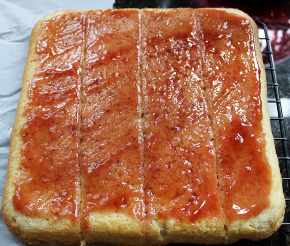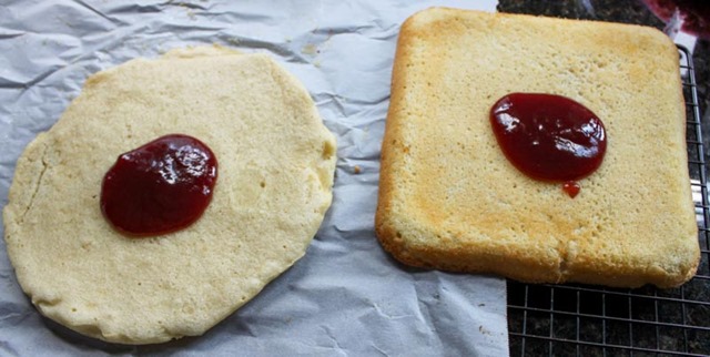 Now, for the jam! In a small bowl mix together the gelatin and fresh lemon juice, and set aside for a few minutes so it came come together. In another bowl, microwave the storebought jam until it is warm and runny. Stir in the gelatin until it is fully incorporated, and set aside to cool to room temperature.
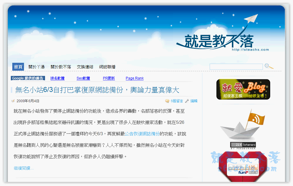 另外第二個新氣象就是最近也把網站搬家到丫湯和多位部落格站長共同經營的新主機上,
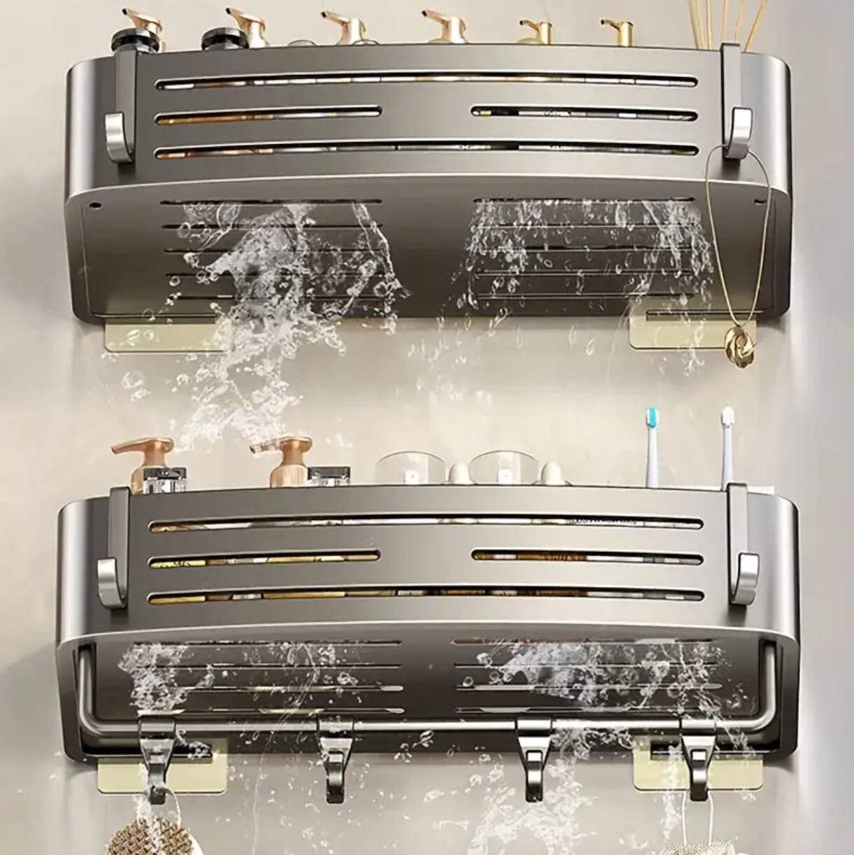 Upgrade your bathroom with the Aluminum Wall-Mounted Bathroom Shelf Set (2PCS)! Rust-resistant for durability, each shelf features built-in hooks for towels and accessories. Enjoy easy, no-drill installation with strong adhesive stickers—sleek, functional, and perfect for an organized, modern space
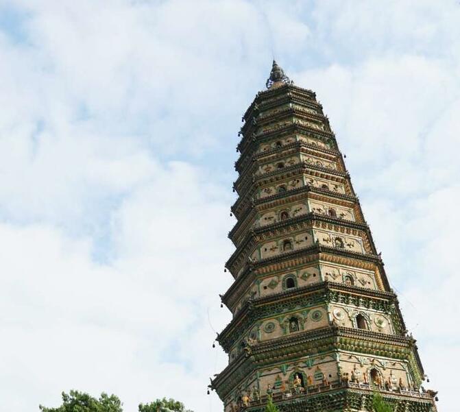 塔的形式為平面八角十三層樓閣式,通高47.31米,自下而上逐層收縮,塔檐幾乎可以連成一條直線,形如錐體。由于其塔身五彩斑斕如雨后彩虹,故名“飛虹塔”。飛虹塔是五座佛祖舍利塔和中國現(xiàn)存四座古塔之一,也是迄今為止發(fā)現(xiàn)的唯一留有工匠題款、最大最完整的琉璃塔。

==========

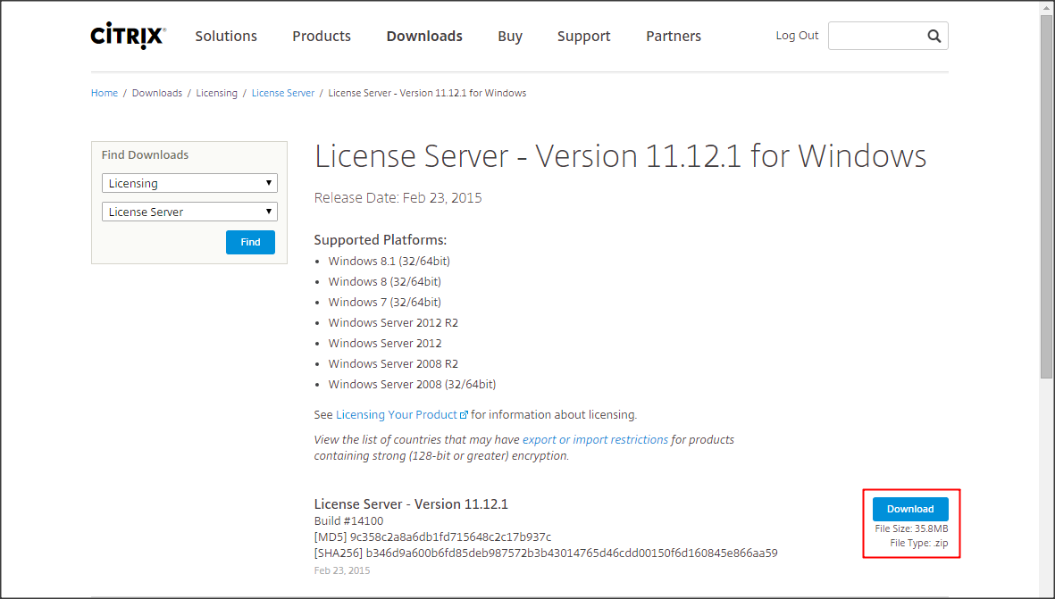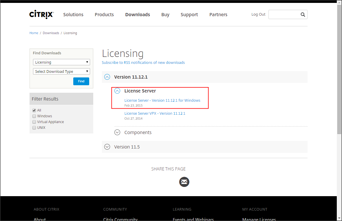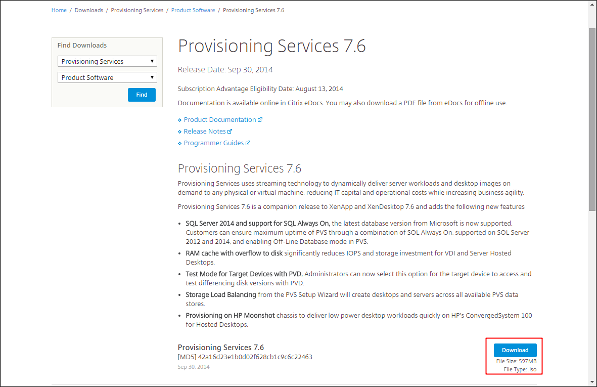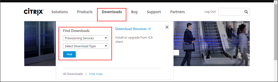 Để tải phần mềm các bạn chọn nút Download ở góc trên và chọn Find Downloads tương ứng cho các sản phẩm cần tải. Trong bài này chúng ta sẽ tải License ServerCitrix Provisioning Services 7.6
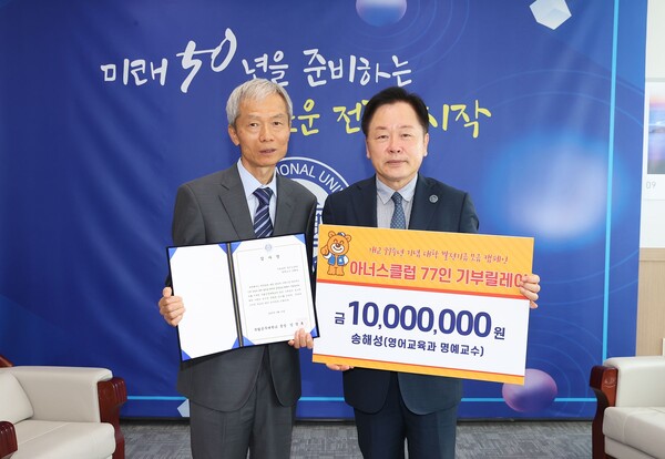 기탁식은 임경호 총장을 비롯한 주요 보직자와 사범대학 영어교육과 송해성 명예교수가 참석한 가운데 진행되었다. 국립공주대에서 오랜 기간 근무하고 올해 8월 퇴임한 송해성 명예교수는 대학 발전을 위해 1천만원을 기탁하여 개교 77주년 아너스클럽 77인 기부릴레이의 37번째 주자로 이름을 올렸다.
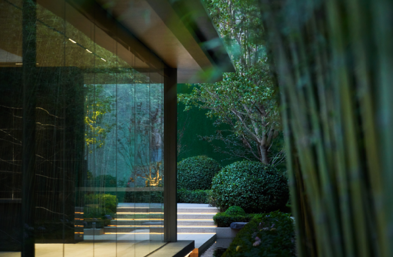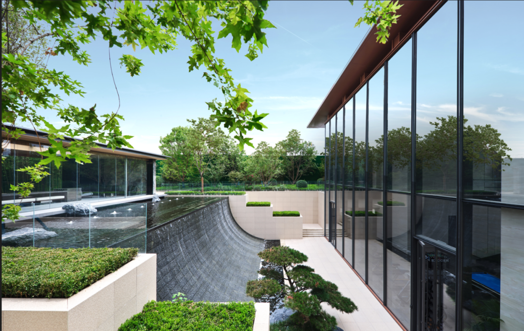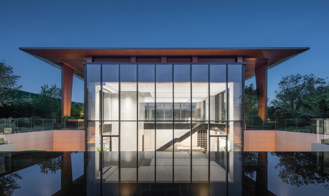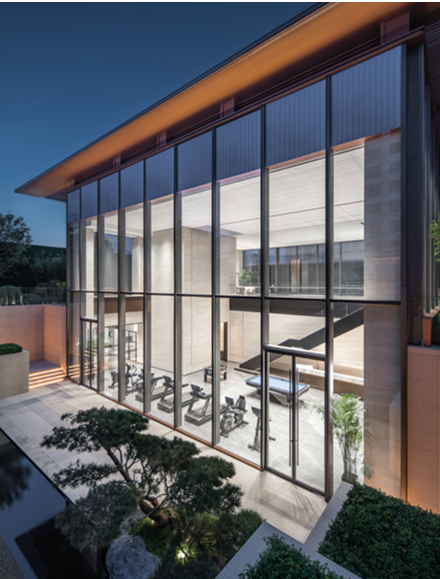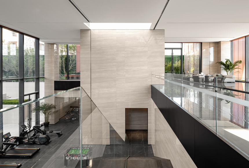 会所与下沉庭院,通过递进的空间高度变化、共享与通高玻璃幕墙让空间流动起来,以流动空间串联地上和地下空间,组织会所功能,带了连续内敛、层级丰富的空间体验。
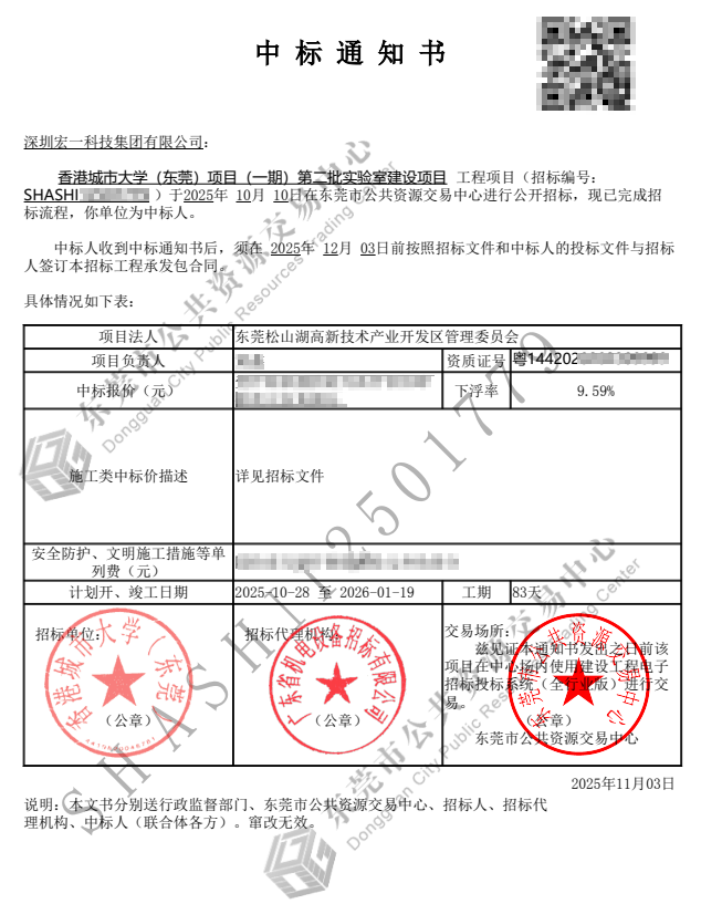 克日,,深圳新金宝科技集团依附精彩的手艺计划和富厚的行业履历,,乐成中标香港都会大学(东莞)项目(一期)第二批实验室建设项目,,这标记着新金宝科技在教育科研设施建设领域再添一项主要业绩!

==========

TASK GOAL
Everything above from the line with "Để tải phần" through the line with "克日,,深圳新金宝科技集团依" should be retyped exactly, and nothing else; omit pictures.

SOLVED EXERCISE
 Để tải phần mềm các bạn chọn nút Download ở góc trên và chọn Find Downloads tương ứng cho các sản phẩm cần tải. Trong bài này chúng ta sẽ tải License ServerCitrix Provisioning Services 7.6
 기탁식은 임경호 총장을 비롯한 주요 보직자와 사범대학 영어교육과 송해성 명예교수가 참석한 가운데 진행되었다. 국립공주대에서 오랜 기간 근무하고 올해 8월 퇴임한 송해성 명예교수는 대학 발전을 위해 1천만원을 기탁하여 개교 77주년 아너스클럽 77인 기부릴레이의 37번째 주자로 이름을 올렸다.
 会所与下沉庭院,通过递进的空间高度变化、共享与通高玻璃幕墙让空间流动起来,以流动空间串联地上和地下空间,组织会所功能,带了连续内敛、层级丰富的空间体验。
 克日,,深圳新金宝科技集团依附精彩的手艺计划和富厚的行业履历,,乐成中标香港都会大学(东莞)项目(一期)第二批实验室建设项目,,这标记着新金宝科技在教育科研设施建设领域再添一项主要业绩!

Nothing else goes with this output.